The Guardian Cries A River As "Six Big US Banks Quit Net Zero Alliance Before Trump Inauguration"
JAN 9
There is no major media entity more leftist than The Guardian and it is crying a river as the UN-sponsored Net Zero Banking Alliance (NZBA) shed members like a German Shephard sheds hair. It started out with just a couple of big banks who probably planned to continue supporting the Big Green Grift behind the scenes but now others have headed to the exit as well.
Here’s how Perplexity sums things up:
As of January 9, 2025, the Net-Zero Banking Alliance (NZBA) now has 141 member banks from 44 countries
This number reflects the recent departures of the six major U.S. banks:
JPMorgan Chase
Bank of America
Citigroup
Morgan Stanley
Goldman Sachs
Wells Fargo
These banks have all withdrawn from the alliance in recent weeks.
The departure of these large U.S. financial institutions marks a significant shift in the alliance's composition, leaving only three U.S.-based banks as members:
Amalgamated Bank
Climate First Bank
Areti Bank
Amazing, but the NZBA is still hanging in there, of course, according to The Guardian (emphasis added):
The six biggest banks in the US have all quit the global banking industry’s net zero target-setting group, with the imminent inauguration of Donald Trump as president expected to bring political backlash against climate action.
JP Morgan is the latest to withdraw from the UN-sponsored net zero banking alliance (NZBA), following Citigroup, Bank of America, Morgan Stanley, Wells Fargo and Goldman Sachs. All six have left since the start of December.
Analysts have said the withdrawals are an attempt to head off “anti-woke” attacks from rightwing US politicians, which are expected to escalate when Trump is sworn in as the country’s 47th president in just under a fortnight.
Trump’s vows to deregulate the energy sector, dismantle environmental rules and “drill, baby, drill”, were a big part of his campaign platform and are expected to form a key part of his blueprint for governing the US, the world’s biggest oil and gas producer.
Paddy McCully, a senior analyst at the campaign group Reclaim Finance, said: “The sudden exodus of these big US banks out of the NZBA is a lily-livered effort to avoid criticism from Trump and his climate denialist cronies.
“A few years ago, when climate change was at the front of the political agenda, the banks were keen to boast of their commitments to act on climate. Now that the political pendulum has swung in the other direction, suddenly acting on climate does not seem so important for the Wall Street lenders.”
Convened by the UN Environment Programme finance initiative but led by banks, the NZBA commits members to align their lending, investment and capital markets activities with net zero greenhouse gas emissions by 2050 or earlier…

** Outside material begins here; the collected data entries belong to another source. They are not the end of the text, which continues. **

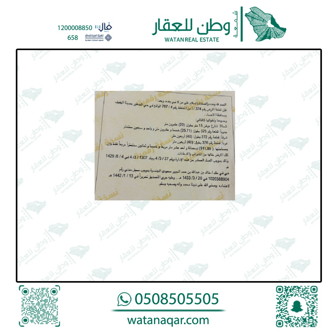 أرض سكنية للبيع في الصقور 374 أ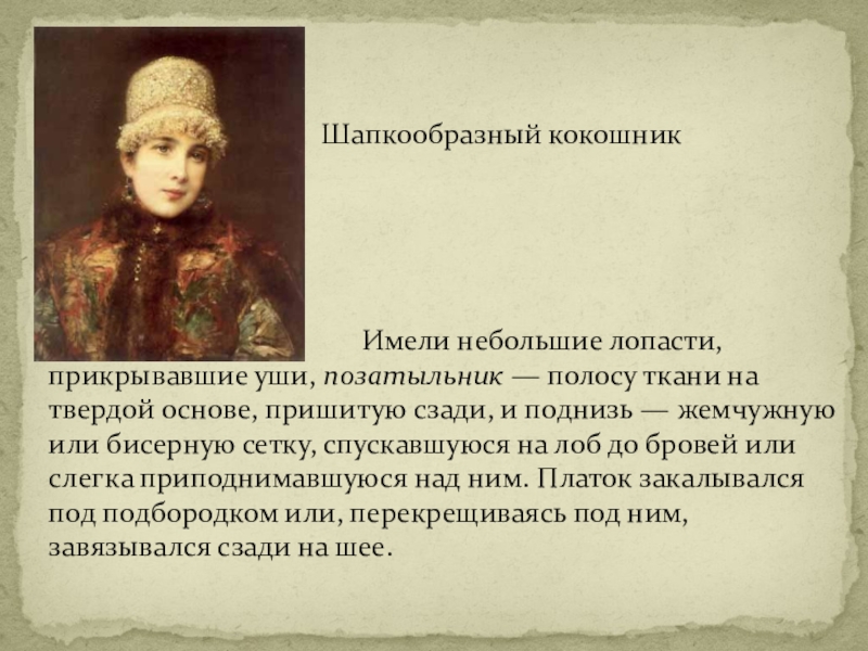 Имели небольшие лопасти, прикрывавшие уши, позатыльник — полосу ткани на твердой основе, пришитую сзади, и поднизь — жемчужную или бисерную сетку, спускавшуюся на лоб до бровей или слегка приподнимавшуюся над ним. Платок закалывался под подбородком или, перекрещиваясь под ним, завязывался сзади на шее.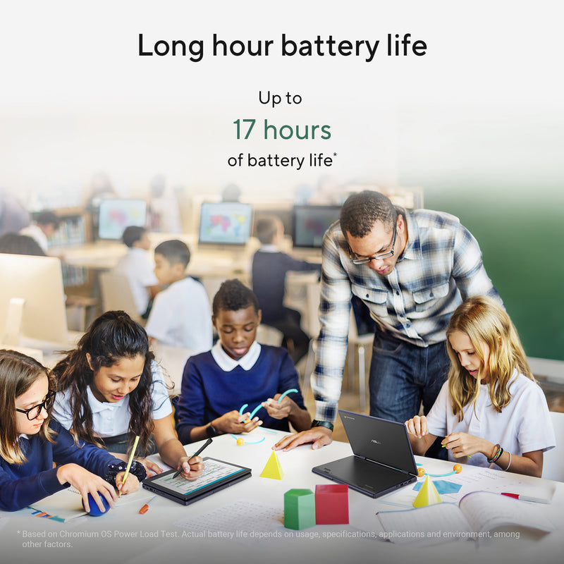 ASUS Chromebook CZ11 Flip stands out as a durable and valuable laptop tailored for K-12 students, with a portable and durable design that guarantees enduring value and empowers engaged learning — anywhere. Featuring a 360°-flippable design and an 11.6-inch display with TÜV-certified technology2, the laptop not only enhances the visual experience but also prioritizes eye protection. The laptop boasts up to 17 hours of battery life3 for uninterrupted use throughout an entire day of classes, empowering students to extend their learning beyond traditional limits.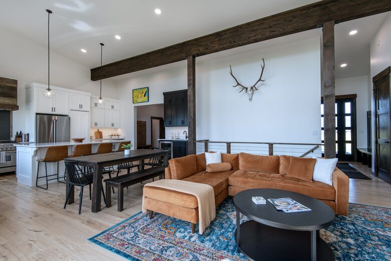 Nestled in the serene beauty of Victor, Idaho, Mustang Mountain Lodge serves as a luxurious basecamp for exploring the wonders of the Grand Teton region. This brand-new home exudes mountain charm and comfort, offering an expansive 3,250 square feet of space designed for families and groups seeking both adventure and relaxation. With breathtaking views of the sunset over the valley and the iconic Grand Teton framed perfectly by the kitchen windows, you’ll find yourself immersed in nature’s grandeur from the moment you arrive.

Financial institutions’ membership of net zero alliances has come under attack from politicians on the country’s right. In 2022 a potential anti-trust legal action led by attorneys general in Republican states had led some US banks to threaten to leave the NZBA, with withdrawals avoided after the group made changes to guidelines that could be construed as requirements to take action on fossil fuels.

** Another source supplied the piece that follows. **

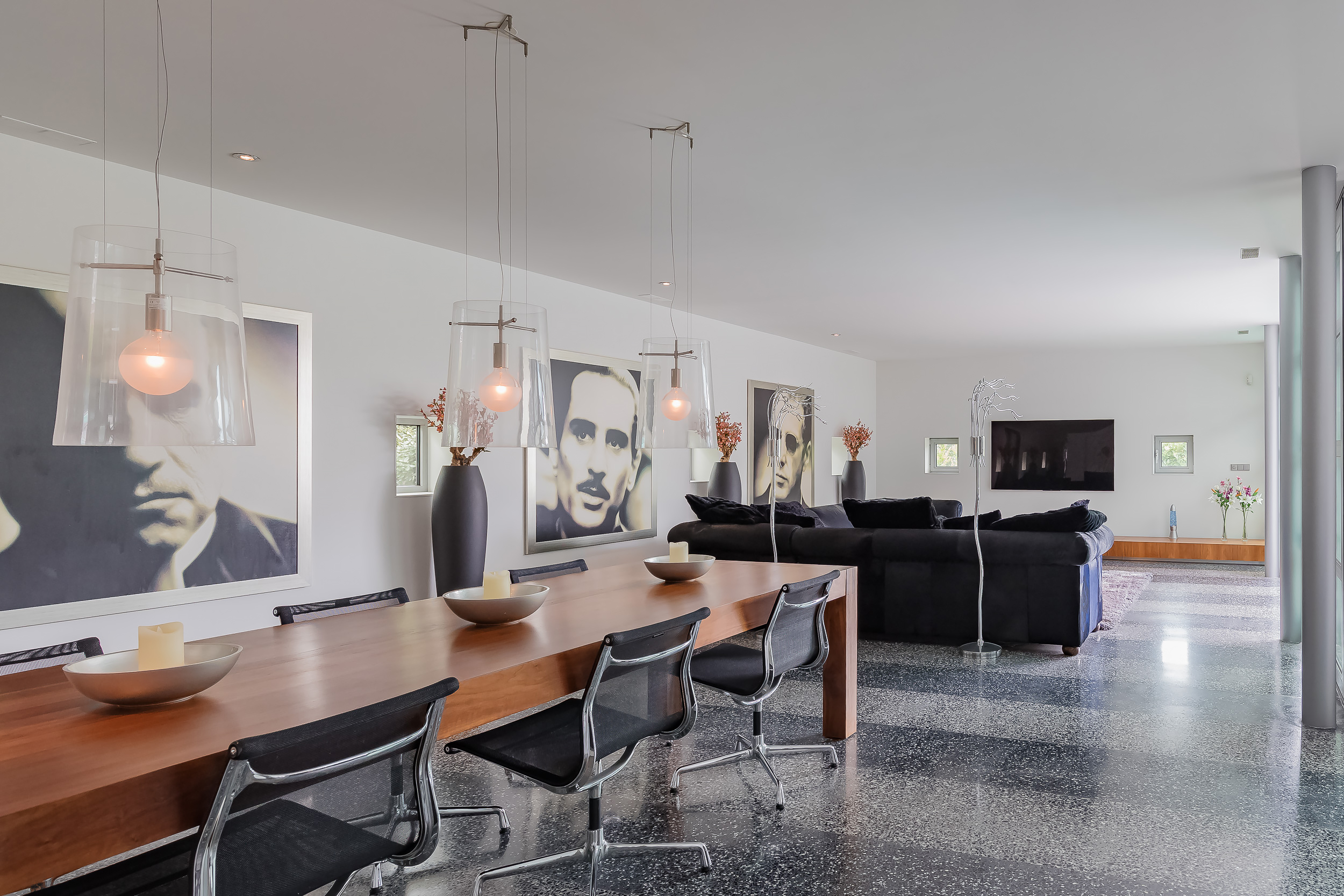 The large living room has a span of up to 18 meters. Enough space for a generous sitting area and a large dining table for cozy dinners.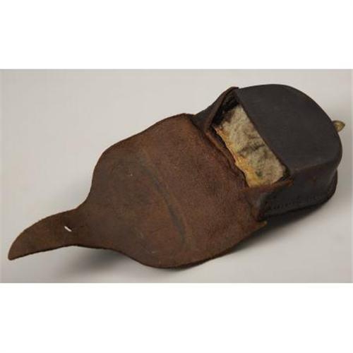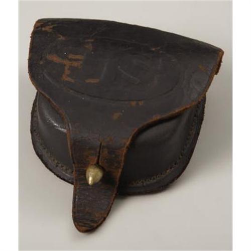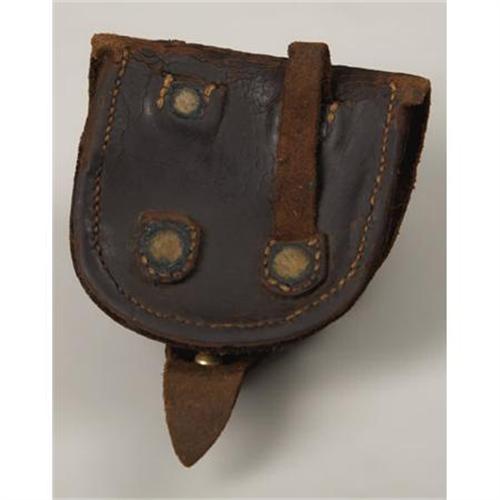 <B>RARE & DESIRABLE INDIAN WAR VINTAGE PISTOL CARTRIDGE BOX</B></I> - This is the very first pattern pistol cartridge box manufactured by the U.S. government to accompany the newly adopted Colt single action cavalry revolver, circa 1873. These rare cartridge boxes were actually modified Civil War cap boxes. Modifications included: embossing the outer flap with a large 'U.S.' within an oval, removal of inner flap and/or modifying the inner flap to form adjacent ears on the inner box to help retain the loose .45 calibre cartridges. Most of the sheep wool inner lining is intact. These early U.S. military pistol cartridge boxes have always been eagerly sought, but seldom encountered.<BR><BR><B>Condition:</B></I> Distinct U.S. in oval. Supple leather, but once again need treating with a leather preservative. One belt strap on reverse missing. Remaining strap reduced by wear.<BR><BR><b>Shipping:</b> Miscellaneous Collectibles, Smal (<a target="_blank" href="http://www.heritageauctions.com/common/shipping.php">view shipping information</a>)

Then in November, a group of states led by Texas sued BlackRock, Vanguard and State Street, all large asset management firms, for adopting pro-climate policies to reduce reliance on coal that the claimants alleged had pushed up energy prices.

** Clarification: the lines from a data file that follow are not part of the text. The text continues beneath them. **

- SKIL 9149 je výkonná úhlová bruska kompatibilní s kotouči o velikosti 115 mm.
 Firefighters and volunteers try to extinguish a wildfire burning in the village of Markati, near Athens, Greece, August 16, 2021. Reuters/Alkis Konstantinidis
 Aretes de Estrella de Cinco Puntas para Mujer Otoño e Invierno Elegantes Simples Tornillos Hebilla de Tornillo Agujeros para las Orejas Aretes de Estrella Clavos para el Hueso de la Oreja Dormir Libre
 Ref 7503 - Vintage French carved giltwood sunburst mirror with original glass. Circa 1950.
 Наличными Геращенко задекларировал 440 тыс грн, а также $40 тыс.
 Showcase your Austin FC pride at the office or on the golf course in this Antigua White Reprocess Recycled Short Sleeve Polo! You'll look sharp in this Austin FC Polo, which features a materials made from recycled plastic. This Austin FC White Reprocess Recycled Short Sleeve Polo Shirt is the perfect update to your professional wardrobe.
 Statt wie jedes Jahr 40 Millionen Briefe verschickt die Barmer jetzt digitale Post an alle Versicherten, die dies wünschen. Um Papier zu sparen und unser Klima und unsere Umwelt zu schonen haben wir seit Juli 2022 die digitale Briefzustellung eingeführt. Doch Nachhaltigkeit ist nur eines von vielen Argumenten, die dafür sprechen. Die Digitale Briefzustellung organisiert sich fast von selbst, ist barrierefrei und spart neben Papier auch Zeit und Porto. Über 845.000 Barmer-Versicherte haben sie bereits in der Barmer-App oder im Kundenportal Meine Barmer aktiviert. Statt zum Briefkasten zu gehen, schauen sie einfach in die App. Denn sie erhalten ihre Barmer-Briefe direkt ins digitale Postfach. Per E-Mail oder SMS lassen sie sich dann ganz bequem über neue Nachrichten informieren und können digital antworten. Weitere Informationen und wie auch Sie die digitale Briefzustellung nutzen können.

Most recently, in December, the Republican-led judiciary committee of the House of Representatives, the US Congress’s lower house, accused “a cartel” of financial firms and climate activists of colluding to “impose radical ESG-goals” on US companies.
From Tuesday, after the US banks’ exodus, the NZBA still counted 141 banks among its members, including all the largest European banks. McCully said the departure of the US banks would give those remaining the opportunity to go further. He said: “By strengthening their commitments, NZBA banks can demonstrate that they have not simply used US obstructionism as an excuse to maintain the NZBA’s weak position.”
Keep dreamin’ McCully! This whole story is just delicious. And, look how the actions of a few courageous states gave several others the courage to act. Trump hads the same effect, of course, and House report nailed it by calling out the NZBA as “a cartel” of financial firms and climate activists of colluding to “impose radical ESG-goals” on US companies." This how we win!